Source data:

────────

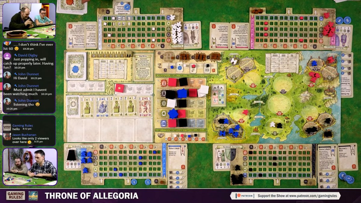 @gamingrulesvids live stream of Throne of Allegoria from@RMBLees, Steve Mackenzie and@ulible. The more I play this the more I like it, and it’s a lovely production from Spielworxx. Stream link: http://j.mp/2sSlyY3 pic.twitter.com/SIcxL6uBxH
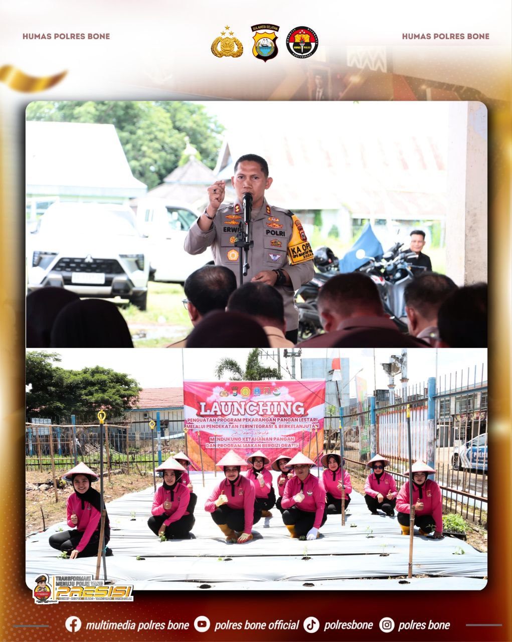BONE – Kapolres Bone AKBP Erwin Syah,S.I.K,.M.H bersama Ketua Bhayangkari Cabang Bone Ny.Siska Erwin Syah launching Penguatan Program Pekarangan Pangan Lestari melalui pendekatan terintegrasi dan berkelanjutan dalam rangka mendukung program ketahanan pangan dan program makan bergizi gratis.
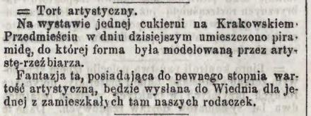 W pewnej cukierni widzieliśmy tort olbrzymich rozmiarów, na którym zamiast piramidy umieszczono grupę cukrową, złożoną z trzech figur. Największa figura, stojąca pośrodku, przedstawia Adama Mickiewicza, a dwie mniejsze Słowackiego i Krasińskiego. Jeżeli nasze „chwały” umieszcza się na fajkach, a nawet chustkach od nosa, i dlaczegóżby nie miały zdobić tortu i ostatecznie in efigie być zjedzonemi…
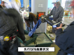 埋め戻しの工期短縮のため、躯体コンクリートと矢板の間にバキューム車からセメントが入ったドロを打設しました。次の日には人が乗れます(強度3N)
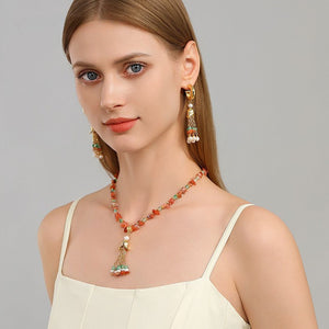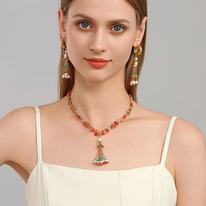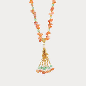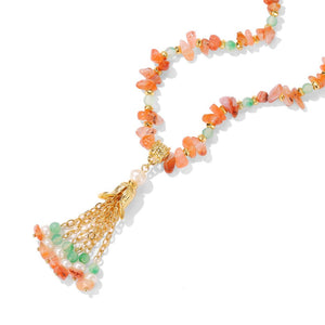 Embrace elegance with a touch of nature through the Pearl Natural Stone Tassel Necklace. Featuring a mix of peach stones, green beads, and a cascading pearl tassel, this necklace brings a chic, boho flair to any outfit.
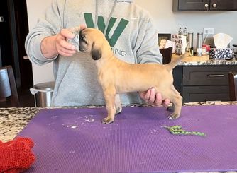 Our puppies include brindle and fawn. Colors will vary depending on the parent dogs.
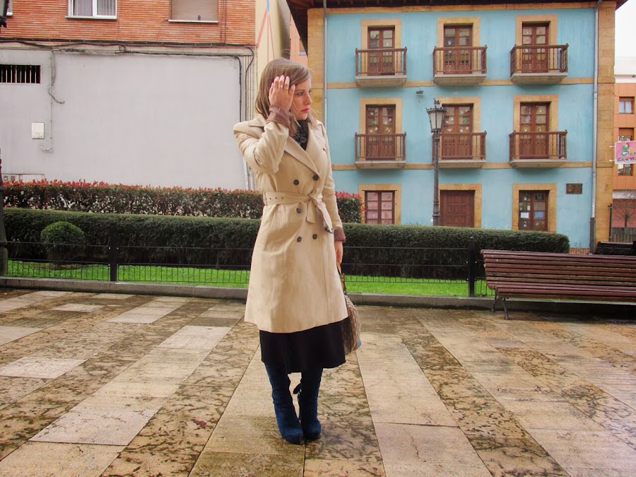 Falda sirena, camiseta perkins, botas altas y por supuesto un trench, imprescindible en días de lluvía como los que nos están acompañando. Para restarle seriedad le añadí un maxicollar y unos anillos como únicos complementos.
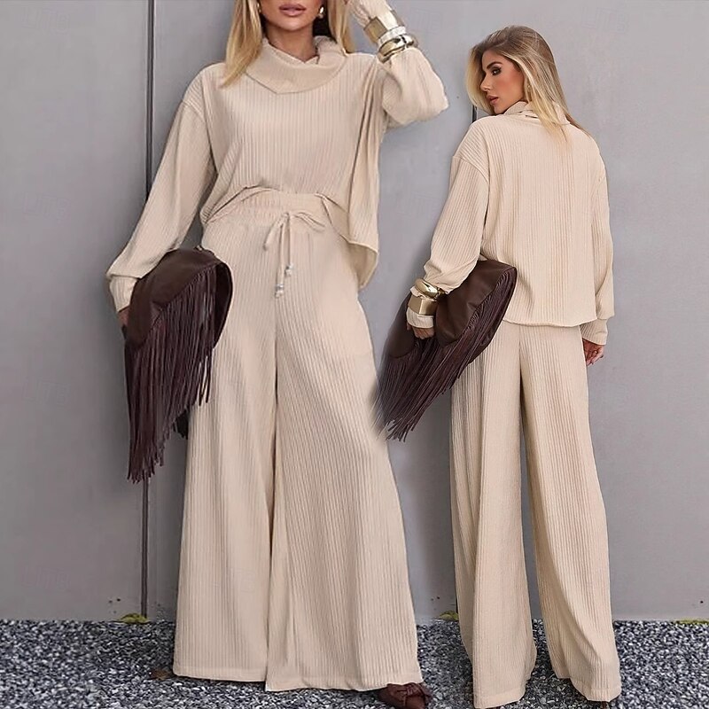 Women's Elegant Vintage Fashion Pants Sets Bolero Top Long Sleeve Turtleneck Solid Color Casual Daily Date Rose Gold White Champagne Fall Loose Fit 1
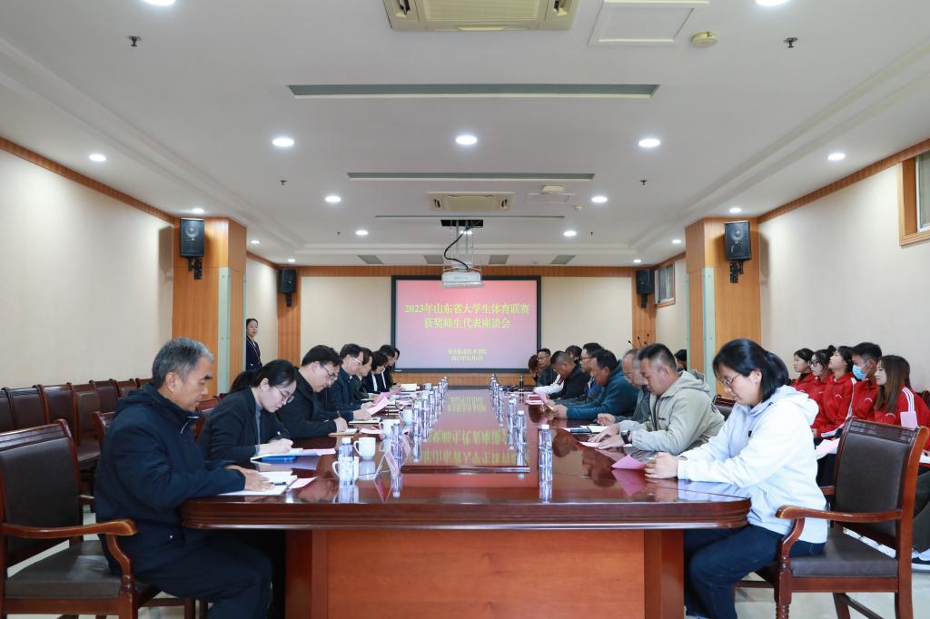 11月6日下午,学校召开2023年山东省大学生体育联赛获奖师生代表座谈会。党委副书记、院长徐运国出席会议并讲话,副院长邹翠兰主持会议,党委宣传部、党委学生工作部、教务处、基础教学部等相关单位负责人、获奖师生代表参加会议。
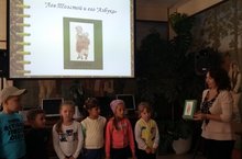 На литературный час пригласила воспитанников ДОУ детская библиотека. Библиотекарь Марготнова И. показала детям презентацию о творчестве Л.Толстого..
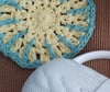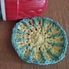 A quick and fun way to bring the tropics to your homes! These coasters are perfect last minute makes that uses just 70 yds of main color and 25 yds of contrast color to make a set of 4! The crossed dc lends a nice texture and the Treble stitch which is worked two rounds below creates a nice edge!

────────

_EXERCISE BRIEF:_ Only one thing is wanted here, an exact copy of the lines from the first line above through the line containing "На литературный час", minus any picture.

_TASK OUTPUT:_
 @gamingrulesvids live stream of Throne of Allegoria from@RMBLees, Steve Mackenzie and@ulible. The more I play this the more I like it, and it’s a lovely production from Spielworxx. Stream link: http://j.mp/2sSlyY3 pic.twitter.com/SIcxL6uBxH
BONE – Kapolres Bone AKBP Erwin Syah,S.I.K,.M.H bersama Ketua Bhayangkari Cabang Bone Ny.Siska Erwin Syah launching Penguatan Program Pekarangan Pangan Lestari melalui pendekatan terintegrasi dan berkelanjutan dalam rangka mendukung program ketahanan pangan dan program makan bergizi gratis.
 W pewnej cukierni widzieliśmy tort olbrzymich rozmiarów, na którym zamiast piramidy umieszczono grupę cukrową, złożoną z trzech figur. Największa figura, stojąca pośrodku, przedstawia Adama Mickiewicza, a dwie mniejsze Słowackiego i Krasińskiego. Jeżeli nasze „chwały” umieszcza się na fajkach, a nawet chustkach od nosa, i dlaczegóżby nie miały zdobić tortu i ostatecznie in efigie być zjedzonemi…
 埋め戻しの工期短縮のため、躯体コンクリートと矢板の間にバキューム車からセメントが入ったドロを打設しました。次の日には人が乗れます(強度3N)
 Embrace elegance with a touch of nature through the Pearl Natural Stone Tassel Necklace. Featuring a mix of peach stones, green beads, and a cascading pearl tassel, this necklace brings a chic, boho flair to any outfit.
 Our puppies include brindle and fawn. Colors will vary depending on the parent dogs.
 Falda sirena, camiseta perkins, botas altas y por supuesto un trench, imprescindible en días de lluvía como los que nos están acompañando. Para restarle seriedad le añadí un maxicollar y unos anillos como únicos complementos.
 Women's Elegant Vintage Fashion Pants Sets Bolero Top Long Sleeve Turtleneck Solid Color Casual Daily Date Rose Gold White Champagne Fall Loose Fit 1
 11月6日下午,学校召开2023年山东省大学生体育联赛获奖师生代表座谈会。党委副书记、院长徐运国出席会议并讲话,副院长邹翠兰主持会议,党委宣传部、党委学生工作部、教务处、基础教学部等相关单位负责人、获奖师生代表参加会议。
 На литературный час пригласила воспитанников ДОУ детская библиотека. Библиотекарь Марготнова И. показала детям презентацию о творчестве Л.Толстого..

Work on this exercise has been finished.